### ACTIVITY
Copy out each entry below verbatim, skipping the images.

### Dataset excerpts
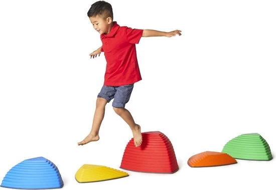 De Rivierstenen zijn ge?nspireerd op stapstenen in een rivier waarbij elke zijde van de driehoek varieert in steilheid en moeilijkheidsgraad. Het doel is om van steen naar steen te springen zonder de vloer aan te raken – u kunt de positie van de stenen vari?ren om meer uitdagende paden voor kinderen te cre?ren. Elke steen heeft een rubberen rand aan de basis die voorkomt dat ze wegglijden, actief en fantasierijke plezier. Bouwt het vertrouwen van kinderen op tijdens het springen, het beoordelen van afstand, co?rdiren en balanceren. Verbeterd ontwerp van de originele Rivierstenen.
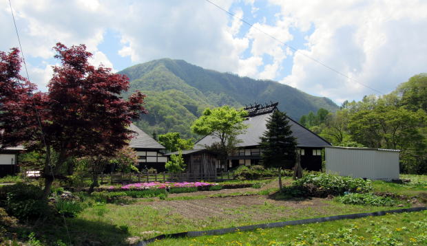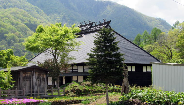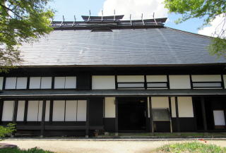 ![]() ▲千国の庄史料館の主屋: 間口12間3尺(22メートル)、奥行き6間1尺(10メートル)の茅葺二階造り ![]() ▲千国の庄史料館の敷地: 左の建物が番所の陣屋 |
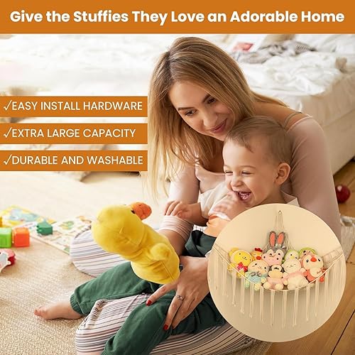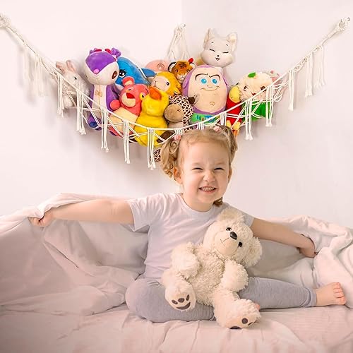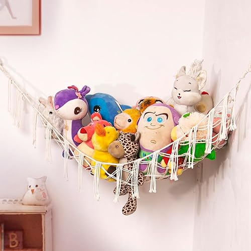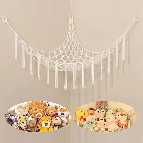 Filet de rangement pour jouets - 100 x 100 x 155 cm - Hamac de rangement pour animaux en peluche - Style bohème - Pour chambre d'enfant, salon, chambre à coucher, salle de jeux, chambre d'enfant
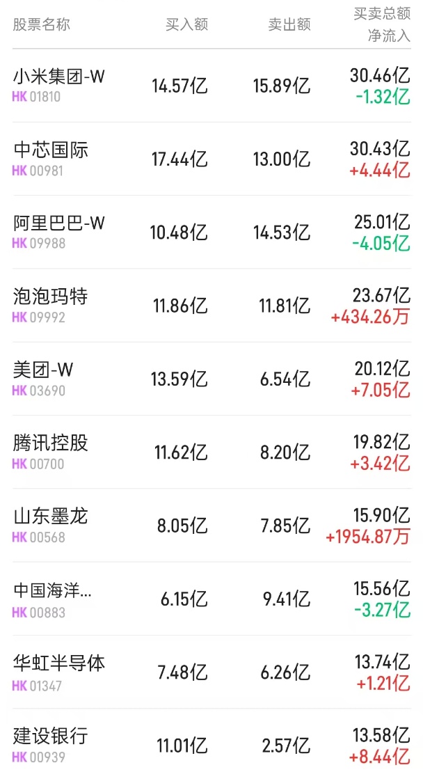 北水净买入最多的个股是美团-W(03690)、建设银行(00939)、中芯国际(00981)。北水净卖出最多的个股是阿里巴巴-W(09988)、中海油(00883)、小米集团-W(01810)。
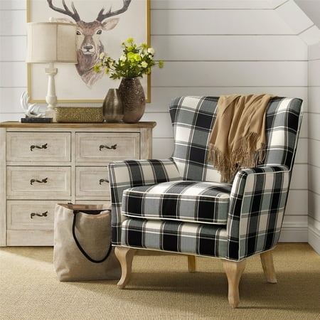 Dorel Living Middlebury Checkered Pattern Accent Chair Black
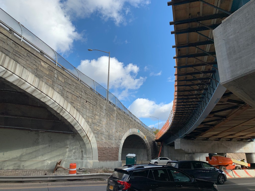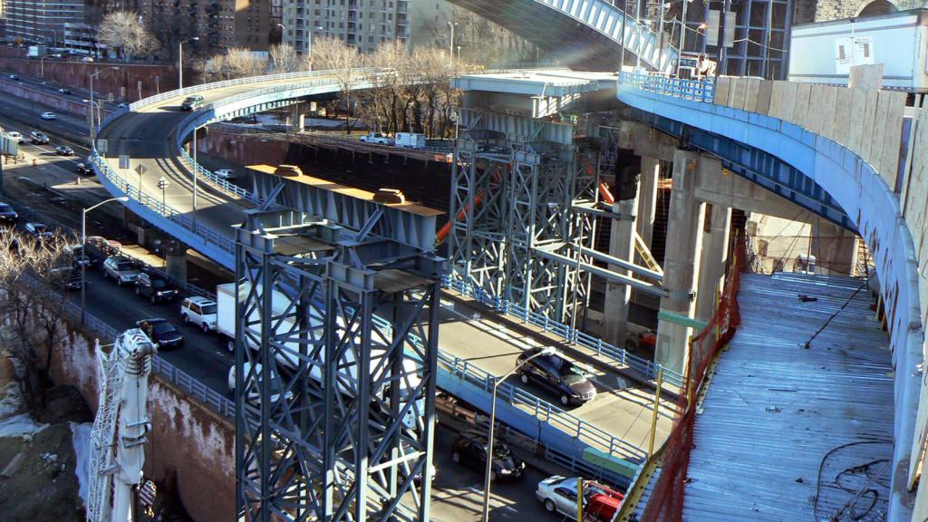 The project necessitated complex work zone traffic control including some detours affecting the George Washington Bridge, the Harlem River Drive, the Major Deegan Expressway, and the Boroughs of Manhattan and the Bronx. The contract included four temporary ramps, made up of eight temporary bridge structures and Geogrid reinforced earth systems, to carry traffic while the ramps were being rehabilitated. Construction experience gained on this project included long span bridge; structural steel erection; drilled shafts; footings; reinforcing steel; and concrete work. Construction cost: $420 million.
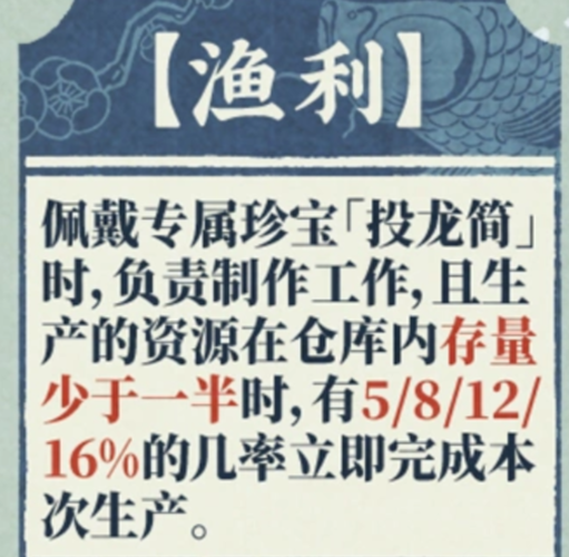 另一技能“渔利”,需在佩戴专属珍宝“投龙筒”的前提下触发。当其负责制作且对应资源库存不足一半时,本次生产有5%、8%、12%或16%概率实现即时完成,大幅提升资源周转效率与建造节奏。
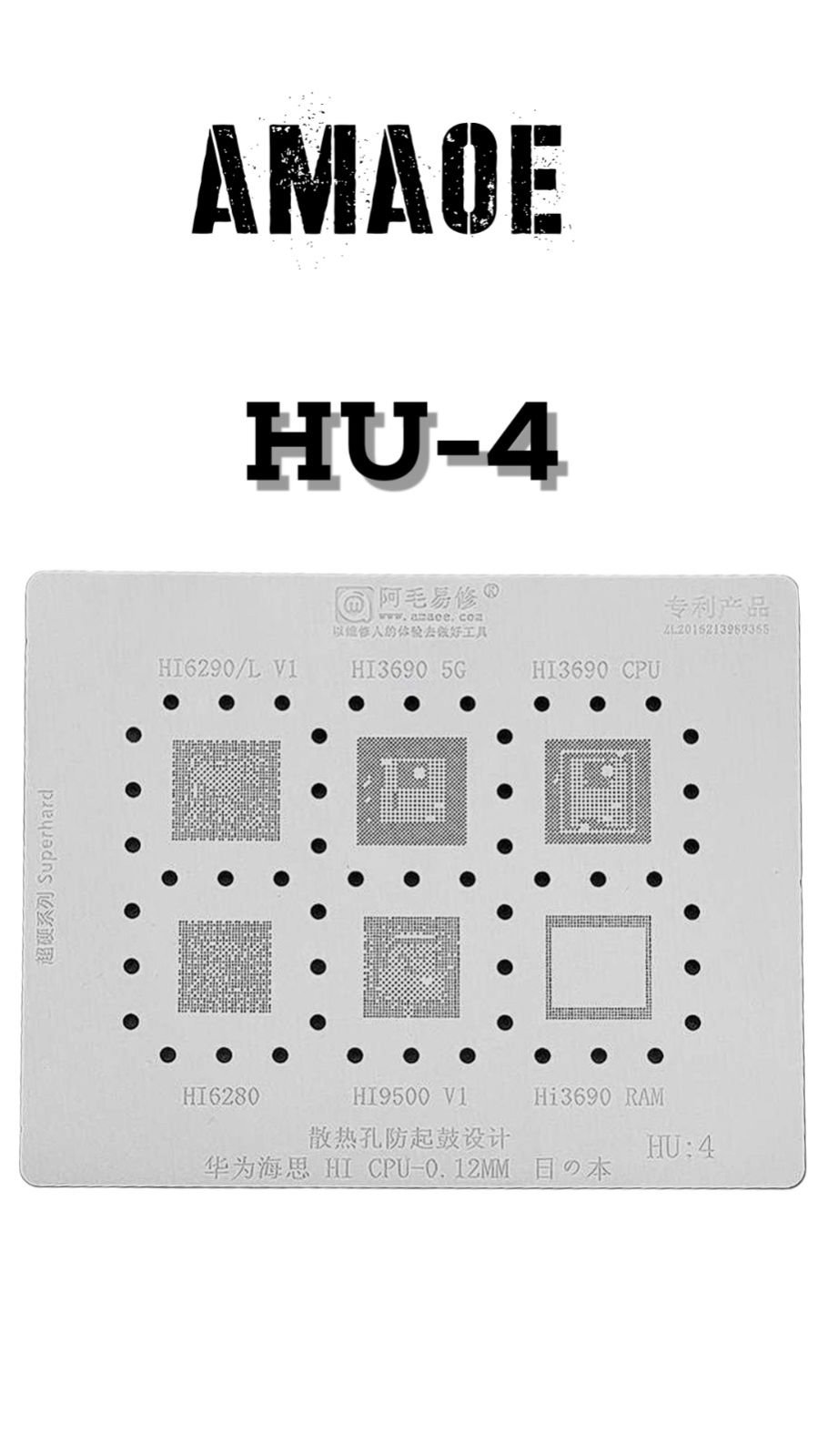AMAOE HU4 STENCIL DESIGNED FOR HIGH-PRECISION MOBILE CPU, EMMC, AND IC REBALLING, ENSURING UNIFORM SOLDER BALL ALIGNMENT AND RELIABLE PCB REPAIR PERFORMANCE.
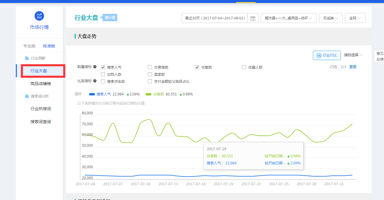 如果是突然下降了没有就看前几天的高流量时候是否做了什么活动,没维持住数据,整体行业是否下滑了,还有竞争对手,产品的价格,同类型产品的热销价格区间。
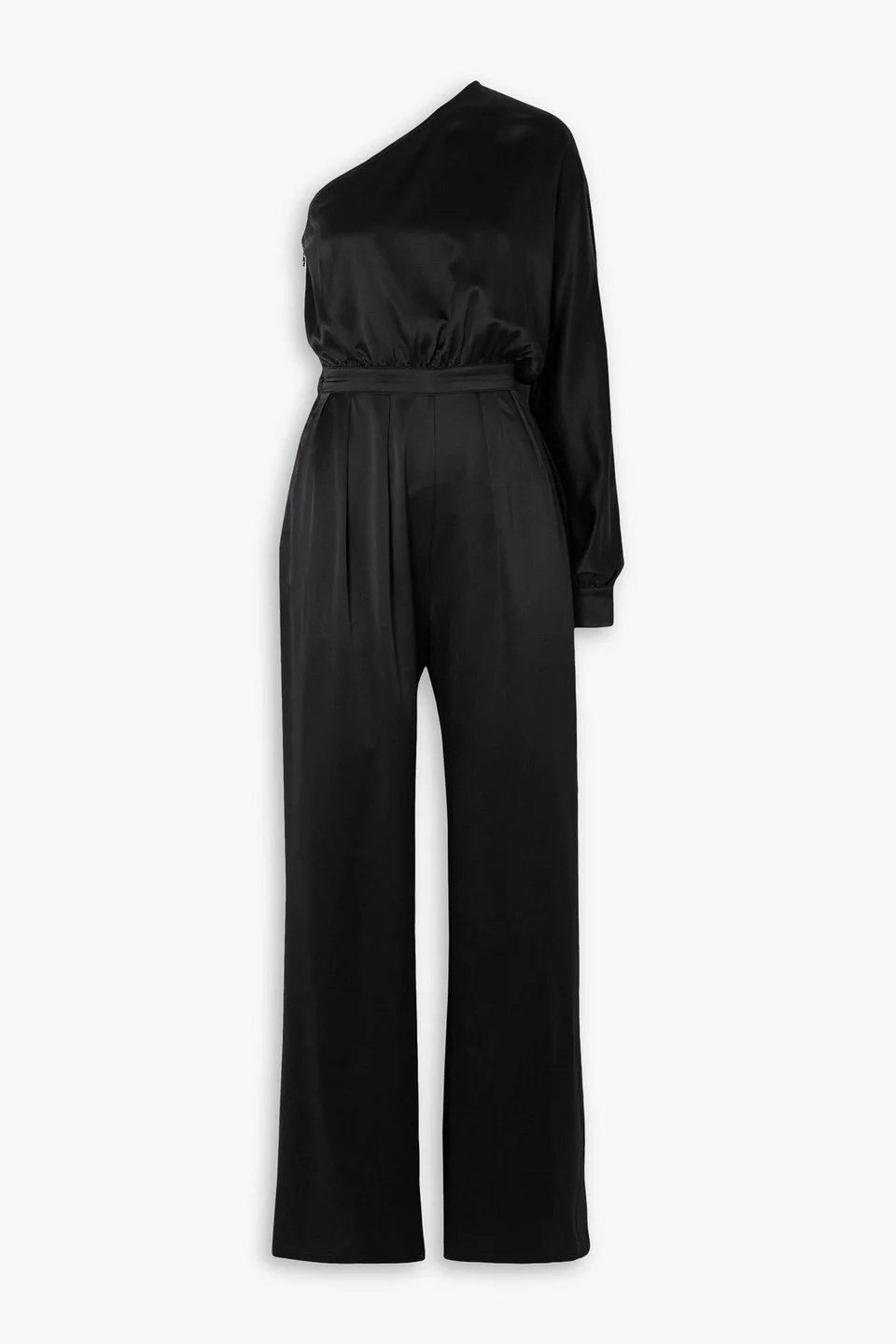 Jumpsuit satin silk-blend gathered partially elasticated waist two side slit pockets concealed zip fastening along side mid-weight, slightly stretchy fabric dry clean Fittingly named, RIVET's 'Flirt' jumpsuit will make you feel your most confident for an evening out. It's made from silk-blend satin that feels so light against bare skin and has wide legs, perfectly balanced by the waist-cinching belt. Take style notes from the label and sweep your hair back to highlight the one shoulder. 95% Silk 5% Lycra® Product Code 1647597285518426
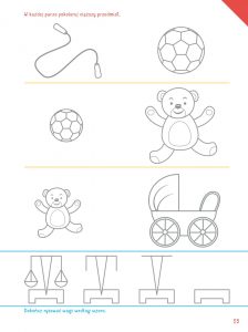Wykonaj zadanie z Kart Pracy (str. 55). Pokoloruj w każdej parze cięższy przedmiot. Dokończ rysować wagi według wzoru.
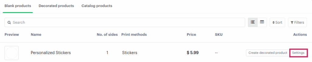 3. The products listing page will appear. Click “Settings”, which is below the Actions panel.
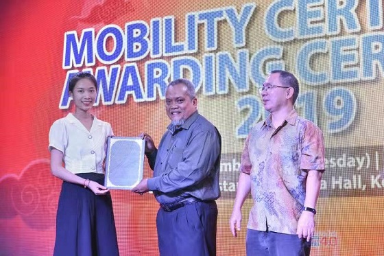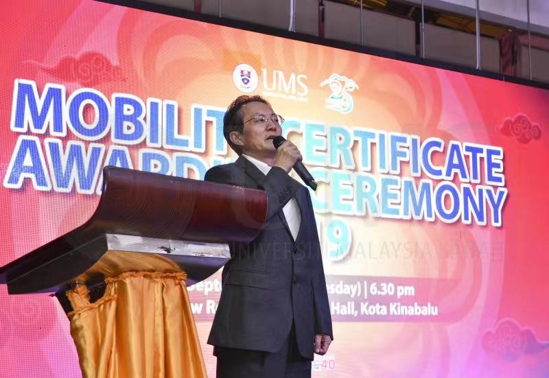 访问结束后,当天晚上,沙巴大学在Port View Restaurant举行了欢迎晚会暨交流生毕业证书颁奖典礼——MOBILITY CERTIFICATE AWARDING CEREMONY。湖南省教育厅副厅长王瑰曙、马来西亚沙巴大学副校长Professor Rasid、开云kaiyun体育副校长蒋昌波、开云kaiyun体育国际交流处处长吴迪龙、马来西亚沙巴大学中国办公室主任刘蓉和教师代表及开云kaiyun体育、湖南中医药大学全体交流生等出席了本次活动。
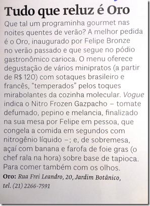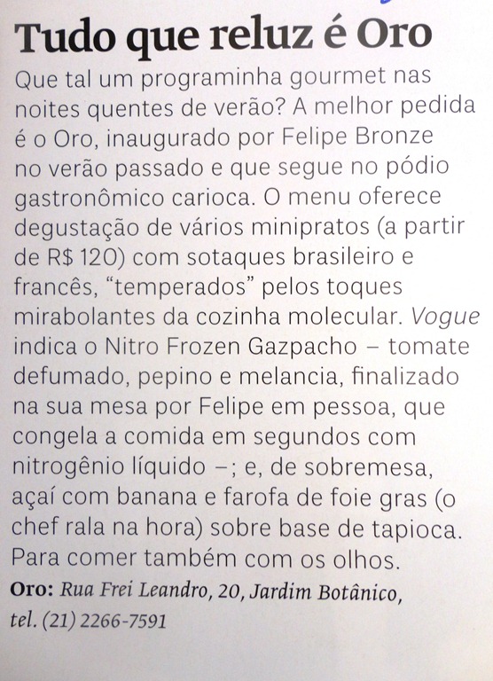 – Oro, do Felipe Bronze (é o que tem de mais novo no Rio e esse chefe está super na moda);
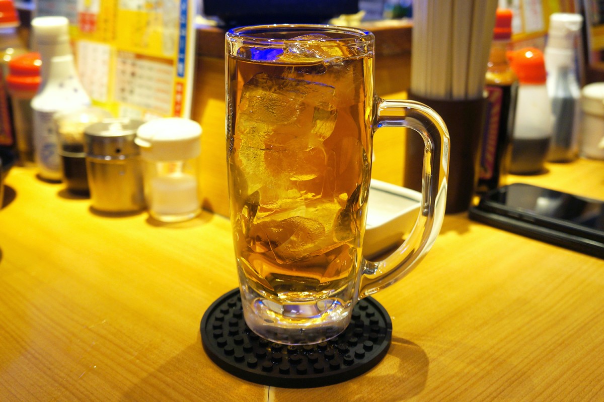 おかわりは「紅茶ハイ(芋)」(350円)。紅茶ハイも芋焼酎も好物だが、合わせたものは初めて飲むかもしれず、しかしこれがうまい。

### EXERCISE RESPONSE
 De Rivierstenen zijn ge?nspireerd op stapstenen in een rivier waarbij elke zijde van de driehoek varieert in steilheid en moeilijkheidsgraad. Het doel is om van steen naar steen te springen zonder de vloer aan te raken – u kunt de positie van de stenen vari?ren om meer uitdagende paden voor kinderen te cre?ren. Elke steen heeft een rubberen rand aan de basis die voorkomt dat ze wegglijden, actief en fantasierijke plezier. Bouwt het vertrouwen van kinderen op tijdens het springen, het beoordelen van afstand, co?rdiren en balanceren. Verbeterd ontwerp van de originele Rivierstenen.
 ![]() ▲千国の庄史料館の主屋: 間口12間3尺(22メートル)、奥行き6間1尺(10メートル)の茅葺二階造り ![]() ▲千国の庄史料館の敷地: 左の建物が番所の陣屋 |
 Filet de rangement pour jouets - 100 x 100 x 155 cm - Hamac de rangement pour animaux en peluche - Style bohème - Pour chambre d'enfant, salon, chambre à coucher, salle de jeux, chambre d'enfant
 北水净买入最多的个股是美团-W(03690)、建设银行(00939)、中芯国际(00981)。北水净卖出最多的个股是阿里巴巴-W(09988)、中海油(00883)、小米集团-W(01810)。
 Dorel Living Middlebury Checkered Pattern Accent Chair Black
 The project necessitated complex work zone traffic control including some detours affecting the George Washington Bridge, the Harlem River Drive, the Major Deegan Expressway, and the Boroughs of Manhattan and the Bronx. The contract included four temporary ramps, made up of eight temporary bridge structures and Geogrid reinforced earth systems, to carry traffic while the ramps were being rehabilitated. Construction experience gained on this project included long span bridge; structural steel erection; drilled shafts; footings; reinforcing steel; and concrete work. Construction cost: $420 million.
 另一技能“渔利”,需在佩戴专属珍宝“投龙筒”的前提下触发。当其负责制作且对应资源库存不足一半时,本次生产有5%、8%、12%或16%概率实现即时完成,大幅提升资源周转效率与建造节奏。
AMAOE HU4 STENCIL DESIGNED FOR HIGH-PRECISION MOBILE CPU, EMMC, AND IC REBALLING, ENSURING UNIFORM SOLDER BALL ALIGNMENT AND RELIABLE PCB REPAIR PERFORMANCE.
 如果是突然下降了没有就看前几天的高流量时候是否做了什么活动,没维持住数据,整体行业是否下滑了,还有竞争对手,产品的价格,同类型产品的热销价格区间。
 Jumpsuit satin silk-blend gathered partially elasticated waist two side slit pockets concealed zip fastening along side mid-weight, slightly stretchy fabric dry clean Fittingly named, RIVET's 'Flirt' jumpsuit will make you feel your most confident for an evening out. It's made from silk-blend satin that feels so light against bare skin and has wide legs, perfectly balanced by the waist-cinching belt. Take style notes from the label and sweep your hair back to highlight the one shoulder. 95% Silk 5% Lycra® Product Code 1647597285518426
Wykonaj zadanie z Kart Pracy (str. 55). Pokoloruj w każdej parze cięższy przedmiot. Dokończ rysować wagi według wzoru.
 3. The products listing page will appear. Click “Settings”, which is below the Actions panel.
 访问结束后,当天晚上,沙巴大学在Port View Restaurant举行了欢迎晚会暨交流生毕业证书颁奖典礼——MOBILITY CERTIFICATE AWARDING CEREMONY。湖南省教育厅副厅长王瑰曙、马来西亚沙巴大学副校长Professor Rasid、开云kaiyun体育副校长蒋昌波、开云kaiyun体育国际交流处处长吴迪龙、马来西亚沙巴大学中国办公室主任刘蓉和教师代表及开云kaiyun体育、湖南中医药大学全体交流生等出席了本次活动。
 – Oro, do Felipe Bronze (é o que tem de mais novo no Rio e esse chefe está super na moda);
 おかわりは「紅茶ハイ(芋)」(350円)。紅茶ハイも芋焼酎も好物だが、合わせたものは初めて飲むかもしれず、しかしこれがうまい。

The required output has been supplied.